== Data ==
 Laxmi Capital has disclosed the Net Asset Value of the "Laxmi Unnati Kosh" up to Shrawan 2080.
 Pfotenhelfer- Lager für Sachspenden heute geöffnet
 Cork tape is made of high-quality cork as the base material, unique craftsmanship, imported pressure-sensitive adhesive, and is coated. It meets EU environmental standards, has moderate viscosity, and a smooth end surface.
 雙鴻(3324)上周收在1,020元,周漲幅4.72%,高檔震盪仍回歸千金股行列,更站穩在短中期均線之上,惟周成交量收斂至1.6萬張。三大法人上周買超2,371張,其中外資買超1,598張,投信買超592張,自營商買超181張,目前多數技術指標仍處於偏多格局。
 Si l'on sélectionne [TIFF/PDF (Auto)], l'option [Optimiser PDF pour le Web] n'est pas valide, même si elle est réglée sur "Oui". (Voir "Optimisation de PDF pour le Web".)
===
== Data ==
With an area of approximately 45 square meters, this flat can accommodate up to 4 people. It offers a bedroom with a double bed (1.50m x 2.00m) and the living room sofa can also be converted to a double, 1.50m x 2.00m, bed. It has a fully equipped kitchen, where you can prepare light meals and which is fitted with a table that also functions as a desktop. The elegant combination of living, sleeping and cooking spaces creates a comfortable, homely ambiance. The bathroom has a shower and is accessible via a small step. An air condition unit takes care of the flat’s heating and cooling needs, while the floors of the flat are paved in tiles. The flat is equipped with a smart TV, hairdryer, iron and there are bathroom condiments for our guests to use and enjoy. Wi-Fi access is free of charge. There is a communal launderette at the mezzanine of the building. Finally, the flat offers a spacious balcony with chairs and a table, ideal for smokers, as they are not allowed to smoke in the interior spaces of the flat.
===
== Data ==
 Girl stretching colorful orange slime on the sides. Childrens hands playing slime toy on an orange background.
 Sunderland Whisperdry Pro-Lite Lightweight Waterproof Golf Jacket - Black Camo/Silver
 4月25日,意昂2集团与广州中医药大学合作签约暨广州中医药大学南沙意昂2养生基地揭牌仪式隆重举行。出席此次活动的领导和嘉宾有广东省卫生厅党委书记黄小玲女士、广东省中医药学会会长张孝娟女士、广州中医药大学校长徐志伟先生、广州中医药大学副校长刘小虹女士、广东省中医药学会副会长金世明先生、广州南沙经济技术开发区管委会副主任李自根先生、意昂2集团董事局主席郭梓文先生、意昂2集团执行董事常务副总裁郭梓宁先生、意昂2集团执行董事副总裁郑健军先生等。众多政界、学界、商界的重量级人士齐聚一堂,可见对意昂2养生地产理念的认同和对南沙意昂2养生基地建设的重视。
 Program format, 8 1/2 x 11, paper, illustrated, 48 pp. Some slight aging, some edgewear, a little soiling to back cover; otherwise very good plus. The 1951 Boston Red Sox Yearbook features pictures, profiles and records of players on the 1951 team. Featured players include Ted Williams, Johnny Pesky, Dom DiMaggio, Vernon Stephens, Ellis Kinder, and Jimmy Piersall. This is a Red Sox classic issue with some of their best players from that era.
===
**Task description:** For this exercise, output exactly the lines above from the line with "Pfotenhelfer- Lager für" to the line with "Si l'on sélectionne", counting both, and leave out the rest.

**Response to the task:**
 Pfotenhelfer- Lager für Sachspenden heute geöffnet
 Cork tape is made of high-quality cork as the base material, unique craftsmanship, imported pressure-sensitive adhesive, and is coated. It meets EU environmental standards, has moderate viscosity, and a smooth end surface.
 雙鴻(3324)上周收在1,020元,周漲幅4.72%,高檔震盪仍回歸千金股行列,更站穩在短中期均線之上,惟周成交量收斂至1.6萬張。三大法人上周買超2,371張,其中外資買超1,598張,投信買超592張,自營商買超181張,目前多數技術指標仍處於偏多格局。
 Si l'on sélectionne [TIFF/PDF (Auto)], l'option [Optimiser PDF pour le Web] n'est pas valide, même si elle est réglée sur "Oui". (Voir "Optimisation de PDF pour le Web".)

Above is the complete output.